> **Data block**

BEGIN

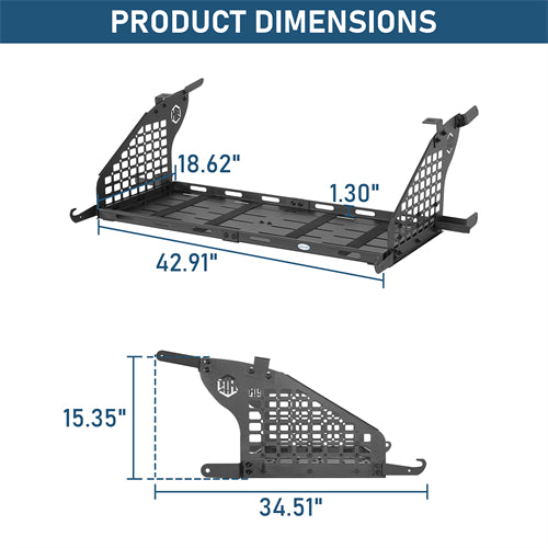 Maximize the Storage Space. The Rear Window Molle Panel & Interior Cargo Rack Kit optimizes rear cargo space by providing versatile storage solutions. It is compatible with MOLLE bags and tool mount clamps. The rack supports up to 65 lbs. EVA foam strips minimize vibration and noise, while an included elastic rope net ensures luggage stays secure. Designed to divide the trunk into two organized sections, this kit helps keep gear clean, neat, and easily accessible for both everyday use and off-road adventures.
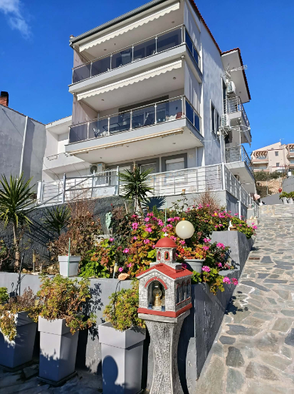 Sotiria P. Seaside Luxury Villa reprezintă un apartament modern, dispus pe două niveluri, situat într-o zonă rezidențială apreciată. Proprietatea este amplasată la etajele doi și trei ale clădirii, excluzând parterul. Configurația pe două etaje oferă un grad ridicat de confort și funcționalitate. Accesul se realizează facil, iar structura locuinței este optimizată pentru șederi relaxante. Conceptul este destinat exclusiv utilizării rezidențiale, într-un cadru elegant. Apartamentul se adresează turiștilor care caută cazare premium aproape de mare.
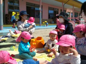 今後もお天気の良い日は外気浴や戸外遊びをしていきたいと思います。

END

> **Exercise description**
Leaving every picture aside, repeat the listing exactly.

> **The completed task**
 Maximize the Storage Space. The Rear Window Molle Panel & Interior Cargo Rack Kit optimizes rear cargo space by providing versatile storage solutions. It is compatible with MOLLE bags and tool mount clamps. The rack supports up to 65 lbs. EVA foam strips minimize vibration and noise, while an included elastic rope net ensures luggage stays secure. Designed to divide the trunk into two organized sections, this kit helps keep gear clean, neat, and easily accessible for both everyday use and off-road adventures.
 Sotiria P. Seaside Luxury Villa reprezintă un apartament modern, dispus pe două niveluri, situat într-o zonă rezidențială apreciată. Proprietatea este amplasată la etajele doi și trei ale clădirii, excluzând parterul. Configurația pe două etaje oferă un grad ridicat de confort și funcționalitate. Accesul se realizează facil, iar structura locuinței este optimizată pentru șederi relaxante. Conceptul este destinat exclusiv utilizării rezidențiale, într-un cadru elegant. Apartamentul se adresează turiștilor care caută cazare premium aproape de mare.
 今後もお天気の良い日は外気浴や戸外遊びをしていきたいと思います。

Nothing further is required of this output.